Les familles de griots spécialisées en généalogie, ou en art oratoire sont
mieux placées pour faire l'inventaire de notre Histoire. Ces familles étaient
tenues de père en fils de perpétuer la tradition dans une société
maure pourtant qui connaissait déjà l'écriture. Ce constat n'existe
nulle part dans le monde arabe ou plus près de nous l'espace maghrébin!
LES
FORGERONS MAURES
Tout comme les griots les forgerons maures n'échappent
pas à la règle de la proximité d'avec les peuples noirs. Dans les sociétés
paysannes les forgerons jouent un rôle très important car ils produisent des
outils agraires et dans les sociétés expansionnistes, les armes pour la guerre.
Si l'existence du griot est limitée à des pays tels le Mali, la Guinée, le Sénégal,
la Mauritanie, le Niger, le concept de forgeron va au-delà de la sous-région.
On peut même remonter dans le temps avec « l'homo faber » ou
fabriquant d'outils pour chasser et se défendre contre ses adversaires. Les
outils sont indispensables à l'homme et constituent un prolongement de la main
pour matérialiser son action .Plus prêt de nous, les Grecs ramenaient
l'origine de la technique, au vol du feu aux « dieux » par Prométhée.

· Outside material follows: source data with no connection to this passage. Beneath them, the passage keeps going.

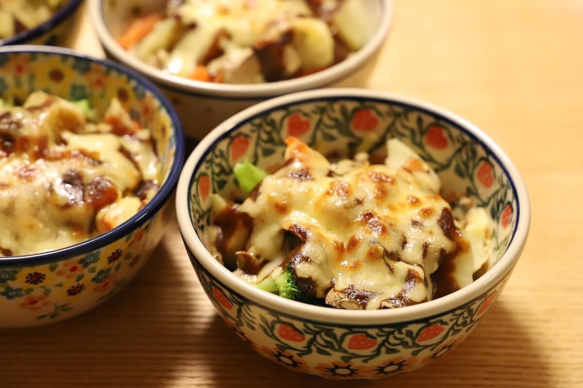 野菜には軽く塩、こしょうをし、ビーフカレーを均等にかけ、とろけるチーズをのせ、オーブントースターで加熱すれば出来上がり!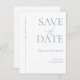 L'amour moderne mérite une invitation moderne. Cette élégante carte "save the date" de mariage présente une mise en page minimaliste et épurée avec une typographie bleue intemporelle et un script vertical qui indique "où commence l'éternité". Idéal pour les thèmes de mariage contemporains, romantiques ou luxueux, le design équilibre la simplicité avec une chaleur émotionnelle. Personnalisable avec vos noms, date, lieu et tous les détails clés.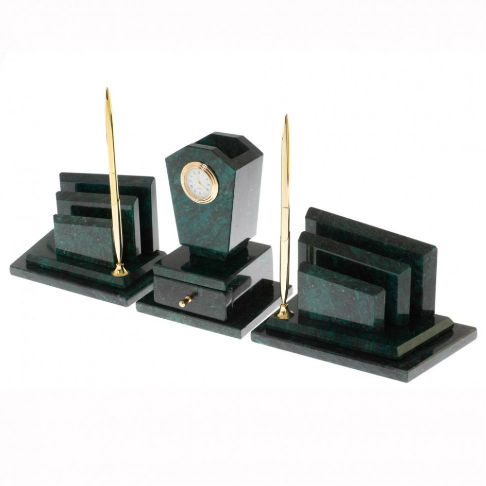 Настольный набор из змеевика станет отличным подарком руководителю. Этот аксессуар органично впишется в интерьер любого кабинета, став удобным дополнением рабочего стола.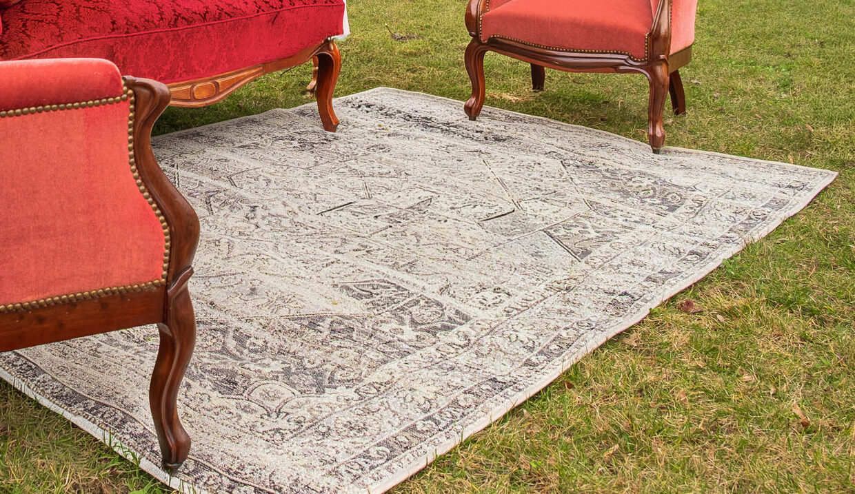 Dywan o klasycznym wzorze w stonowanym kolorze antracytu.

Le mythe prométhéen de « l'homme à la mesure de toute chose » serait
le premier « axiome » d'où nous viennent la science et les
diverses techniques. D'ailleurs dans le reste du monde Arabe, en dehors de la
Mauritanie, l'appellation « Moualim » (forgeron en Mauritanie) est
beaucoup plus expansive voire sublime. C'est encore de notre voisinage d'avec
le Mali que naitra l'idée de forgeron chez les Maures avec son concept à peine péjoratif.

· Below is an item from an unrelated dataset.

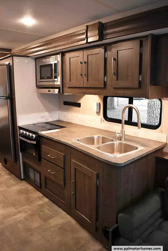 Tailor-made for the ultimate outdoor lifestyle, this unit boasts a fully equipped outdoor kitchen and an outside entertainment system with its own TV. Whether you are dry camping with the integrated solar panel and gas generator or plugged in to enjoy the dual ducted air conditioners, this motorhome is ready for any climate thanks to its heated tanks. The interior is equally impressive, offering a modern kitchen with a 12v Everchill double-door refrigerator, a three-burner range, oven, and microwave. With premium additions like a satellite receiver and radio, an automatic main awning, and an outside shower, the Pursuit 29SSP ensures every adventure is as comfortable as it is memorable.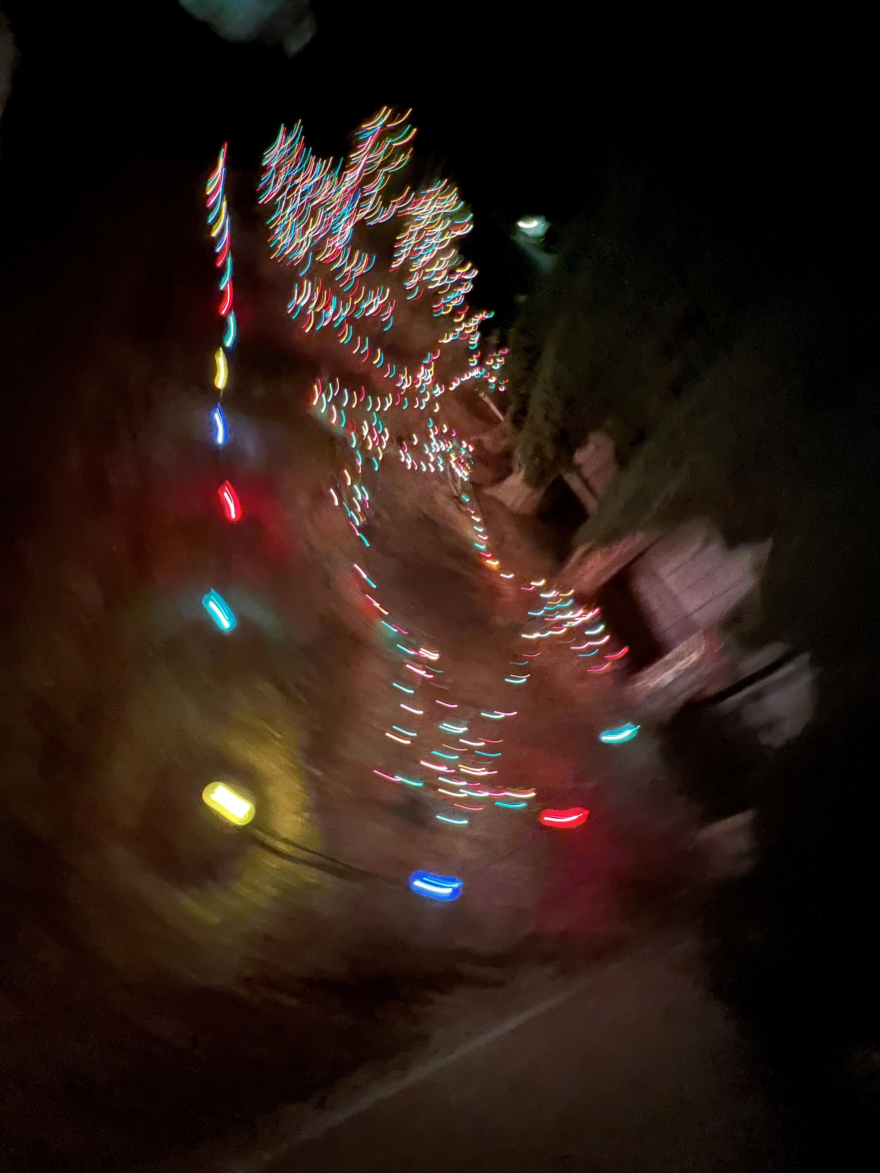 With an older smart phone there wasn’t as much logic in the phone, not as much computational wizardry on call with every photo, so if, for example, you took a picture of Christmas lights at night and moved the phone during a longer exposure of several seconds, you could get some interesting light trails. If you wanted nice, pinpoint lights with perfect Normal Rockwell focus, you needed a tripod or a miracle.

Les forgerons de l'Ouest-africain seraient les descendants de Soumaoro Kanté,
Roi-sorcier, ayant régné au 13ème siècle sur le royaume du Sosso, dans la région
de Koulikoro, près de l'actuelle capitale malienne Bamako. Soumaoro succéda à
son père vers 1200 de l'ère chrétienne. Sorcier, invulnerable, après avoir
attaqué le Mandé(Mali) il est confronté à Soundiata Keita qui le vainc grâce à
une flèche munie d'un ergot de coq blanc (seule arme pouvant le tuer).Depuis
cette période les forgerons jouissent d'un grand prestige, tantôt méprisés, mais
toujours craints surtout en Afrique sub-saharienne. Comme les griots il suffit
de dépasser le « Ezefal » au nord de la Mauritanie pour que la
notion » de forgeron se fasse également rare. Car cette « profession »

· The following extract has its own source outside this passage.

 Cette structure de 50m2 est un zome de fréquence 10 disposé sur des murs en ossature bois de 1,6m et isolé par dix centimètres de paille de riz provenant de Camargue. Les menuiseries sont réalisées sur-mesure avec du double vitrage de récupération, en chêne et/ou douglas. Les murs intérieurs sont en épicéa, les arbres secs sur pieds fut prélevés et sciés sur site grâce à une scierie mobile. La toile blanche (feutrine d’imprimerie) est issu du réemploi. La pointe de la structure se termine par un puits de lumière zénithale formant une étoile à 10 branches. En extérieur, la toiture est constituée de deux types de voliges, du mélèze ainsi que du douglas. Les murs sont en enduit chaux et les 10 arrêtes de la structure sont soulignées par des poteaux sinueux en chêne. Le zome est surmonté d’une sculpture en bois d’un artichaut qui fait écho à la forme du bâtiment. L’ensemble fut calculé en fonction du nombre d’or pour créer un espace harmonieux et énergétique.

est aussi l'héritière des empires moyen-âgeux, négro-africains qui
l'exportèrent vers d'autres contrées limitrophes: à savoir le Sénégal,
la Gambie, le Niger, la Mauritanie, le nord-Mali par l'intermédiaire des
nomades Touaregs etc...A noter que chez les Maures si les forgerons manient le
fer, l'or et le bois d'ailleurs avec une dextérité admirable, les forgeronnes, elles,
tannent les peaux de bêtes et posent le henné. De cette culture ancestrale, certains
griots et forgerons y trouvent leur compte de par leur proximité avec
l'aristocratie et ses nombreux feudataires. Certains en profitent mais, et ce
n'est point un secret, beaucoup en souffrent intimement.
UNE SOCIÉTÉ CONSERVATRICE
Dans un Etat de droit où les pouvoirs législatif
et exécutif sont élus par le suffrage universel, autrement dit un homme, une voix,
les structures sociales régulant les rapports entre les
citoyens doivent avoir le même degré de nivellement à la base. L'égalité
des chances corollaire d'une justice équitable pour tous serait le credo d'un
ensemble qui tend vers l'universalité de l'émancipation des hommes face à
la pesanteur des préjugés. Certes nos sociétés maure et négro-mauritanienne sont très conservatrices, chacune évoluant dans son
couloir, parallèles comme deux asymptotes proches mais ne se
confondant jamais. Les féodaux negro-mauritaniens gardent jalousement leur « acquis »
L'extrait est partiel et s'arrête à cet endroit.